Seems to be just the exception stack chain (ie notice how it's
pointing to the instruction after the xrstor64, it's not that the
immediate register move really trapped).

> [ 266.899210][ T1] __fpregs_load_activate (core.c:?)
> [ 266.900418][ T1] copy_fpstate_to_sigframe (??:?)
> [ 266.901947][ T1] get_sigframe+0x196/0x360
> [ 266.903138][ T1] __setup_rt_frame (signal.c:?)
> [ 266.904162][ T1] setup_rt_frame (signal.c:?)
> [ 266.905386][ T1] handle_signal (signal.c:?)
> [ 266.906423][ T1] arch_do_signal (??:?)

.. and it is in the signal handling path when returning to user space.

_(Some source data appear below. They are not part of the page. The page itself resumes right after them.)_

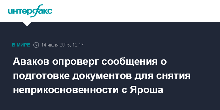 Москва. 14 июля. INTERFAX.RU - Глава МВД Украины Арсен Аваков опроверг информацию о якобы имевшей место подготовке МВД и Генпрокуратурой документов о снятии с лидера "Правого сектора", парламентария Дмитрия Яроша депутатской неприкосновенности.
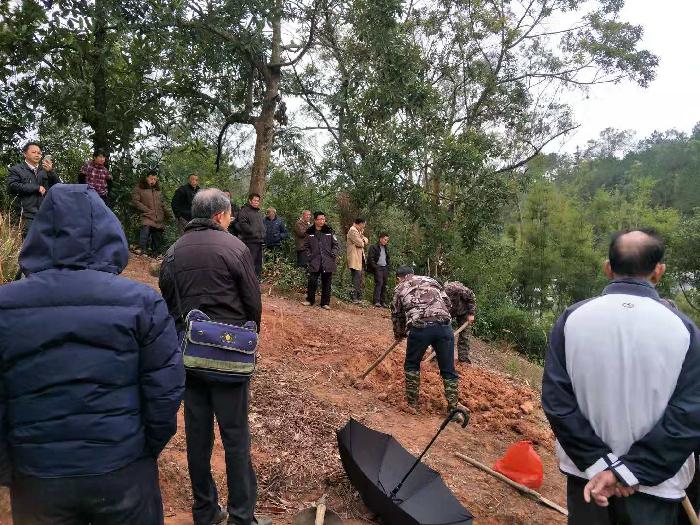 水汶司法所所长梁雅与信宜市朱砂镇加塘村干部联合调解加塘村陆姓家族与水汶社区徐姓家族间的坟山纠纷。
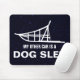 Text, der "MEIN ANDERES AUTO IST EIN HUND SLED" und eine weiße Silhouette eines Hundes auf einem sternenförmigen Hintergrund.

Hmm.

And then again, we have the exception stack entry all the way to user space:

> [ 266.914026][ T1] RIP: 0033:0x7f32488b5700
> [ 266.915046][ T1] Code: 76 05 e9 f3 fd ff ff 48 8b 05 3c f7 37 00 64 c7 00 16 00 00 00 83 c8 ff c3 90 41 ba 08 00 00 00 48 63 ff b8 0e 00 00 00 0f 05 <48> 3d 00 f0 ff ff 77 02 f3 c3 48 8b 15 0f f7 37 00 f7 d8 64 89 02
> All code
> ========
> 0: 76 05 jbe 0x7
> 2: e9 f3 fd ff ff jmpq 0xfffffffffffffdfa
> 7: 48 8b 05 3c f7 37 00 mov 0x37f73c(%rip),%rax # 0x37f74a
> e: 64 c7 00 16 00 00 00 movl $0x16,%fs:(%rax)
> 15: 83 c8 ff or $0xffffffff,%eax
> 18: c3 retq
> 19: 90 nop
> 1a: 41 ba 08 00 00 00 mov $0x8,%r10d
> 20: 48 63 ff movslq %edi,%rdi
> 23: b8 0e 00 00 00 mov $0xe,%eax
> 28: 0f 05 syscall
> 2a:* 48 3d 00 f0 ff ff cmp $0xfffffffffffff000,%rax <-- trapping instruction

and again, it's just pointing back to after the 'syscall' instruction
that caused this whole chain of events.

Anyway, I *think* that what may be going on is some ptrace thing, but
let's bring in other people. Because I don't think that "x86/uaccess:
fix code generation in put_user()" commit is what triggered this, but
who knows.. The x86 FP code can be very grotty.